[WHAT YOU ARE ASKED TO DO] Print exactly the lines from the line with "Students at the Tetso College Amphitheater" to the last line of the data, please, both included.

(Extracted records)

_ _ _ _ _

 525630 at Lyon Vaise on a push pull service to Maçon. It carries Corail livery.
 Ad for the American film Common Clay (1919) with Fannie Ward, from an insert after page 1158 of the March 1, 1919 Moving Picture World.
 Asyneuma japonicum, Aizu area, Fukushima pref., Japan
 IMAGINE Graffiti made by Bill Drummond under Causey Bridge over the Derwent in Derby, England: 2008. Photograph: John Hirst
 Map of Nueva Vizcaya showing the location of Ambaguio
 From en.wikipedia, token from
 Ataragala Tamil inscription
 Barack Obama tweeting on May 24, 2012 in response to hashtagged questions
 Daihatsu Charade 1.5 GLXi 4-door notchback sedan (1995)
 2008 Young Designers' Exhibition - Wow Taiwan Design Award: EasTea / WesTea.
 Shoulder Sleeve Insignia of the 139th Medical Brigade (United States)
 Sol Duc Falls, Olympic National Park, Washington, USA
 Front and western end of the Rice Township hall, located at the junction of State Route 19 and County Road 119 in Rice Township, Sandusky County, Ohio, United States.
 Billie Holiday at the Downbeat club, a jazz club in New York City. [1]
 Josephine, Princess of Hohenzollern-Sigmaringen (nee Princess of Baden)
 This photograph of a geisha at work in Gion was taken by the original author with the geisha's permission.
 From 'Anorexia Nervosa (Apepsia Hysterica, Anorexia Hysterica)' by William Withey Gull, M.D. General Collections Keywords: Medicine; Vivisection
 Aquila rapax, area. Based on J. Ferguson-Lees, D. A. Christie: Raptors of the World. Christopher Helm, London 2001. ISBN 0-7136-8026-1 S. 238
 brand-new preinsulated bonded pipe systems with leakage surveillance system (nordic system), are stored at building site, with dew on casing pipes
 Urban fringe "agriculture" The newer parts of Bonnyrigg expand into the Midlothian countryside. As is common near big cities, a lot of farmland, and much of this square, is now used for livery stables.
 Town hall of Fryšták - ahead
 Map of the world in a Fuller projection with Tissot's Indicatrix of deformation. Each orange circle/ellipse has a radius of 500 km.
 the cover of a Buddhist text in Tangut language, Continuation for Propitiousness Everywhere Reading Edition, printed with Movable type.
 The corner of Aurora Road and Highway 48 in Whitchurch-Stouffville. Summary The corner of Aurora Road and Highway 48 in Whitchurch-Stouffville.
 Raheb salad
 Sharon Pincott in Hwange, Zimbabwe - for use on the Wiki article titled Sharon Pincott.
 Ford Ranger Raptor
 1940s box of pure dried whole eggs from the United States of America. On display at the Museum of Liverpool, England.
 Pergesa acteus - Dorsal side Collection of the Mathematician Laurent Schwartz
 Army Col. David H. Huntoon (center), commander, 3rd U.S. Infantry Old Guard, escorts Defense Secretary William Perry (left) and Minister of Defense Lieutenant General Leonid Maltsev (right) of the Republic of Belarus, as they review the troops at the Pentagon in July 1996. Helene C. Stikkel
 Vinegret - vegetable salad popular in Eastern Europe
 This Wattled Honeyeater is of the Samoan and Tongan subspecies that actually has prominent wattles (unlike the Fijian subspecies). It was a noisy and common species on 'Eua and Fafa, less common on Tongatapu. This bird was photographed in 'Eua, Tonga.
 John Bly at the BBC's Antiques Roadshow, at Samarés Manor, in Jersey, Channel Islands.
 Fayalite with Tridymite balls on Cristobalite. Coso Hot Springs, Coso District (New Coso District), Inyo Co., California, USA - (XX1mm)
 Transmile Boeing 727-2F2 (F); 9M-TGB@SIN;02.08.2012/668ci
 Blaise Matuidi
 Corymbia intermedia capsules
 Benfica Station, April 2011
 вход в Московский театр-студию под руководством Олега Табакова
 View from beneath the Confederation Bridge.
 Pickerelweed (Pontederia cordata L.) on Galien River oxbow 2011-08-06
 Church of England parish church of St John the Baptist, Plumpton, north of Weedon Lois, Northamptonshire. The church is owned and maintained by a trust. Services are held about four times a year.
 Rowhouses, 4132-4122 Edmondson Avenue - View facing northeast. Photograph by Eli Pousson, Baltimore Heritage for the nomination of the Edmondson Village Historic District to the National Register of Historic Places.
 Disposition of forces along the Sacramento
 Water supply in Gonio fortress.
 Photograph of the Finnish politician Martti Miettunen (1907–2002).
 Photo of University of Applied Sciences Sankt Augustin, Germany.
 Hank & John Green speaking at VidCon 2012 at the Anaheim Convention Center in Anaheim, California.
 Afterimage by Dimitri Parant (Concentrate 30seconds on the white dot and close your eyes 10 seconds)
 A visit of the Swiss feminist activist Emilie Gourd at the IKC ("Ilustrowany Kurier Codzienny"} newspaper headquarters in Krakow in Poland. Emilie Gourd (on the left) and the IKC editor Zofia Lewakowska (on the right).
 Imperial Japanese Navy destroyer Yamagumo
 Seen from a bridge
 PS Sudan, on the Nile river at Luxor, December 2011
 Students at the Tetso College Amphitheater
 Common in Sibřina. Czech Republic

_ _ _ _ _

[EXERCISE RESPONSE]
 Students at the Tetso College Amphitheater
 Common in Sibřina. Czech Republic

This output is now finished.